Since we're just testing, create a vm and install Fedora 27. Use libvirt, parallels, virtualbox...whatever takes your fancy - or maybe just use a cloud image in AWS. The choice is yours! Just try to ensure the vm has something like; 2 vcpus, 4GB RAM, an OS disk (20GB) and a data disk for vdo testing.

Once installed you'll need to enable an additional repository to pick up the vdo deduplication modules (kvdo - kernel virtual data optimizer)

dnf copr enable rhawalsh/dm-vdo
dnf install vdo kmod-kvdo
depmod

Configuration

In my test environment, I'm using a 20g vdisk for my vdo testing.
[root@f27-vdo ~]# lsblk
NAME   MAJ:MIN RM SIZE RO TYPE MOUNTPOINT
vda    252:0    0   4G  0 disk 
└─vda1 252:1    0   4G  0 part /
vdb    252:16   0  20G  0 disk 

Now with the kvdo module in place, let's create a vdo volume of 100G using the 20G /dev/vdb device

[root@f27-vdo ~]# vdo create --name=vdo0 --device=/dev/vdb \
--vdoLogicalSize=100g
Creating VDO vdo0
Starting VDO vdo0
Starting compression on VDO vdo0
VDO instance 0 volume is ready at /dev/mapper/vdo0

Not exactly complicated :) Couple of things worth noting though;
  • by default new volumes are created with compression and deduplication enabled. If you don't like that you can play with the  --compression or --deduplication flags.
  • a vdo volume is actually a device mapper device, in this case /dev/mapper/vdo0. It's this 'dm' device that you'll use from here on in.

Usage

Now you have a vdo volume, next step is to get it deployed and understand how to report on space savings. The first thing is filesystem formatting. Make sure you use the -K switch to avoid issuing discards, remember a vdo volume is in effect a thin provisioned volume.

[root@f27-vdo ~]# mkfs.xfs -K /dev/mapper/vdo0

With the filesystem in place, the next step would normally be updating fstab...right? Well not this time. For vdo volumes, the boot time startup sequence between fstab and the vdo service is a problem - so we need to use a mount service to ensure vdo volumes are mounted correctly. 
The vdo rpm provides a sample mount service definition (/usr/share/doc/vdo/examples/systemd/VDO.mount.example). For this example, I'm going to mount the vdo volume at /mnt/vdo0

mkdir /mnt/vdo0
cp /usr/share/doc/vdo/examples/systemd/VDO.mount.example /etc/systemd/system/mnt-vdo0.mount

Then update the mount unit to look like this
[Unit]
Description = Mount filesystem that lives on VDO0
name = mnt-vdo0.mount
Requires = vdo.service systemd-remount-fs.service
After = multi-user.target
Conflicts = umount.target

[Mount]
What = /dev/mapper/vdo0
Where = /mnt/vdo0
Type = xfs
Options = discard

[Install]
WantedBy = multi-user.target

Reminder: mount services are named to reflect their intended mount location within the filesystem.

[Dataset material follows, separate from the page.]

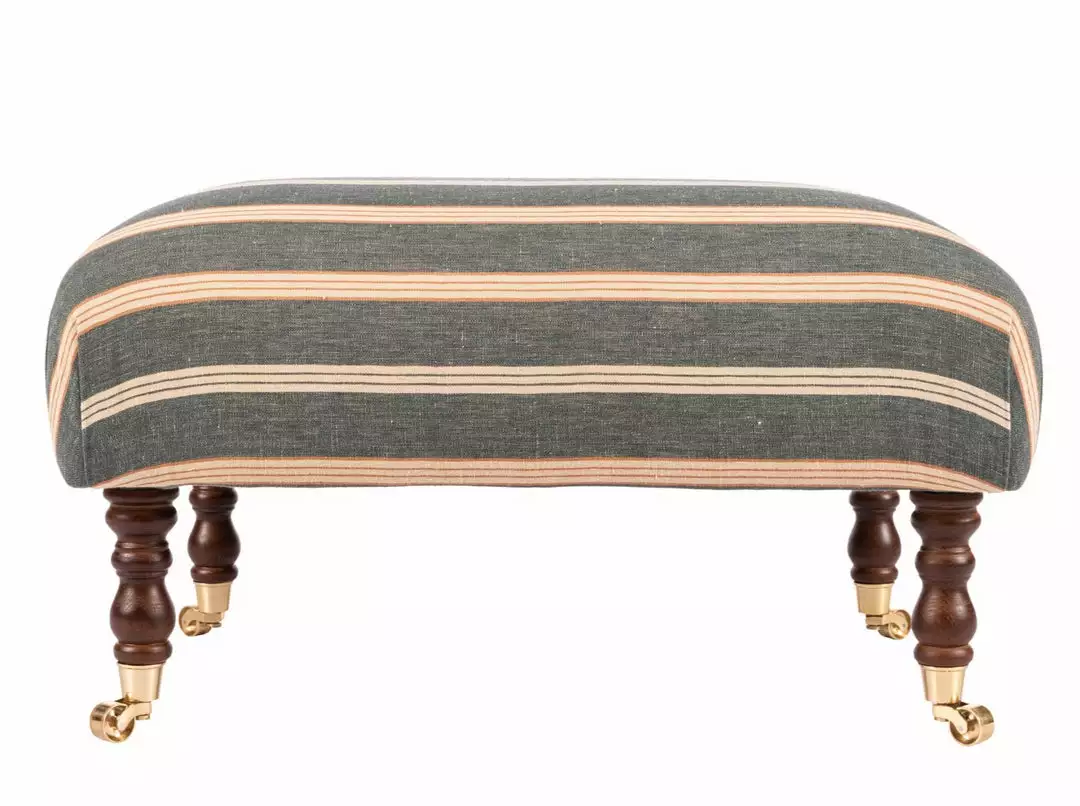 A piece-of-art ottoman with a cushioned seating, this HUDSON stool is dressed in OREGON STRIPES Washed Linen. The beautiful turned cherry brown legs are finished with gold castors.

Now reload systemd, enable the mount and start it
systemctl daemon-reload
systemctl enable mnt-vdo0.mount
systemctl start mnt-vdo0.mount
[root@f27-vdo ~]# df -h /mnt/vdo0
Filesystem         Size Used Avail Use% Mounted on
/dev/mapper/vdo0   100G 135M 100G    1% /mnt/vdo0

At this point you've used the vdo command to create the volume, but there is also a command to look at the volume's statistics called vdostats. To give us something to look at I copied the same 200MB disk image to the volume 20 times, which will also help to explain vdo overheads.

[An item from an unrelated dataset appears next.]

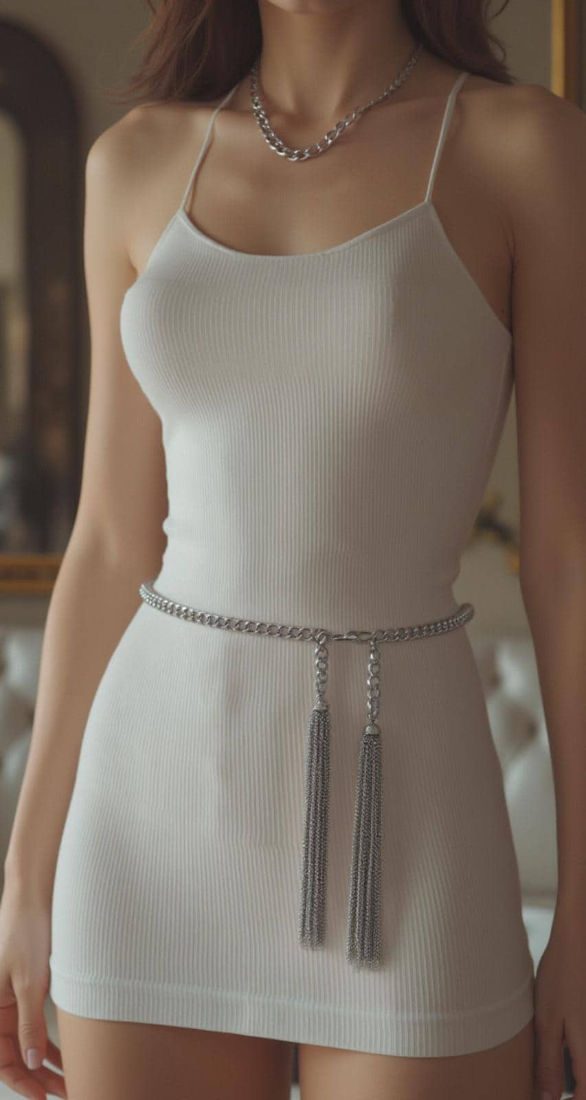 Don’t miss your chance to own one of the most sought-after statement belts of the season. With its glamorous sparkle, edgy detail, and refined silhouette, this silver chain tassel belt will become your go-to accessory for any occasion. Be bold, be glamorous, be unforgettable.

[root@f27-vdo ~]# df -h /mnt/vdo0
Filesystem        Size  Used Avail Use% Mounted on
/dev/mapper/vdo0  100G  4.5G   96G   5% /mnt/vdo0

[root@f27-vdo ~]# vdostats --hu vdo0
Device               Size   Used   Available   Use% Space saving%
vdo0                20.0G   4.2G       15.8G    21%           95%

Wait a minute...at a logical layer, the filesystem says that it's 4.5G used, but at the physical vdo layer it's saying practically the same thing AND that there's a 95% saving! So which is right? The answer is both :) The vdo subsystem persists metadata on the volume (lookup maps etc), which accounts for a chunk of the physical space used, and the savings value is derived purely from the logical blocks "in" and the physical, unique blocks written. If you need to understand more you can dive into the sysfs filesystem. 
Each vdo volume stores and maintains statistics under  /sys/kvdo/<vol_name>/statistics (which is where vdostats gets it's information from!)

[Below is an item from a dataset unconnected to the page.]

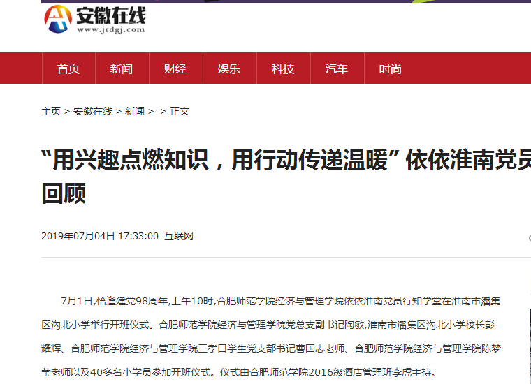 7月4日,安徽在线对此进行了报道。(经济与管理学院)

The most useful stats I've found to understand how space is consumed are;

  • overhead_blocks_used : metadata for the volume. The overhead is proportional to the physical size of the volume; for example, on an 8TB device, the overhead was around 9GB
  • data_blocks_used: this is the count of the physical blocks consumed by user data
  • logical_blocks_used: the count of blocks consumed at the filesystem level
In my case, the "overhead_blocks_used" was 4GB, and the "data_blocks_used" around 200MB. The savings% value is derived from  data_blocks_used / logical_blocks_used, since it only applies to actual user data written to the volume, which equates to around 95%. Now it makes sense!

Final Words

Deduplication is a complex beast, but hopefully the above will at least get you up and running with this new Linux feature.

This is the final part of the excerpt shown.